Most immigrant households have at least one worker. "But this in no way means they will not use the welfare system because that system is increasingly designed to provide assistance to low-income workers with children, a description of immigrant families given their education levels and relatively high fertility. In fact, a worker is present in 78 percent of immigrant households using at least one welfare program. For native households it’s 62 percent. Most immigrants work, but this does not make them self-sufficient," they stated.
The Center estimated 11.3 million of 37.3 million immigrants are illegal aliens. "Our estimates indicate that illegal aliens comprise 3.8 percent of the nation’s total population and 30.4 percent of the total immigrant population...While there is debate about the number missed, most research indicates that roughly 10 percent of the illegals are not counted.
"One of the most important characteristics of illegal immigrants is the very large share with little formal education. We estimate that 57 percent of adult illegal immigrants (25 to 64 years of age) have not completed high school, 24 percent have only a high school [education,] and only 19 percent have education beyond high school." The authors stressed that this was important as education has a direct correlation with socio-economic status.
The Center found that 15.2 percent of immigrants compared with 11.4 percent of natives lived in poverty in 2006. The higher incidence of poverty among immigrants as a group has increased the overall size of the population living in poverty. Immigrants accounted for about one in six living in poverty.
"Of the 36.5 million people in the United States living in poverty, 3.5 million (9.5 percent) are the U.S.-born children (under 18) of immigrant fathers," authors stated.
"The poverty rate for the U.S.-born children of immigrant fathers is 22.6 percent compared to 16 percent for the children of natives. Among persons under age 18 living in poverty, 27.1 percent are either immigrants or the young children of immigrant fathers. Overall, there are 8.4 million immigrants and their young U.S.-born children living in poverty and they account for 23 percent of total poverty population," the report concluded.
School-age children of immigrants (legal and illegal) have strained the public school system in the United States. "While it has been suggested that this increase is the result of the children of baby boomers reaching school age, the so called baby boom echo, it is clear from the [census data] that immigration policy accounts for the dramatic increase in school enrollment."
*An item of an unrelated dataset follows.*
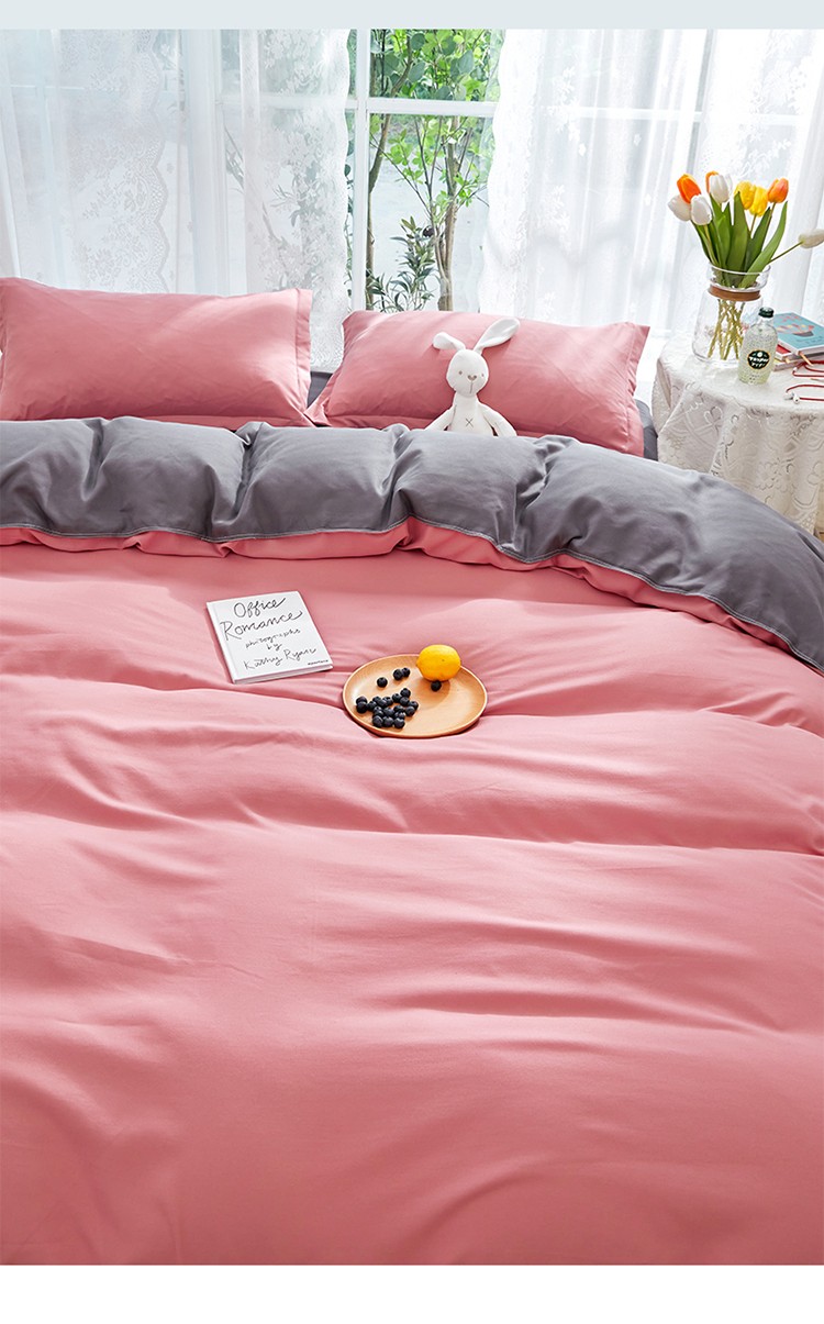 贝拉梦 2021新款纯色拼色美棉系列四件套 豆沙深灰

The figure is 20 percent of all school-age children, and their parents do not pay the same amount into the system as natives.
"While less than one-fourth (2.7 million) of these children are immigrants themselves, the use of public education by the U.S.-born children of immigrants is a direct consequence of their parents having been allowed into the country. The children of immigrants account for such a large percentage of the school-age population because a higher proportion of immigrant women are in their childbearing years, and immigrants tend to have somewhat larger families than natives. In addition, the effect of immigration on public schools will be even larger in the coming years because 22.6 percent of children approaching school age have immigrant mothers."
But public education would not be strained if tax revenue -- from income, property, and corporate taxes -- increased proportionately. "But as we have seen, immigrants themselves and immigrant households generally have lower incomes than natives, so their tax contributions are unlikely to entirely offset the costs they impose on schools."
"This is especially true because of the higher costs associated with teaching children whose first language is not English," the authors stated.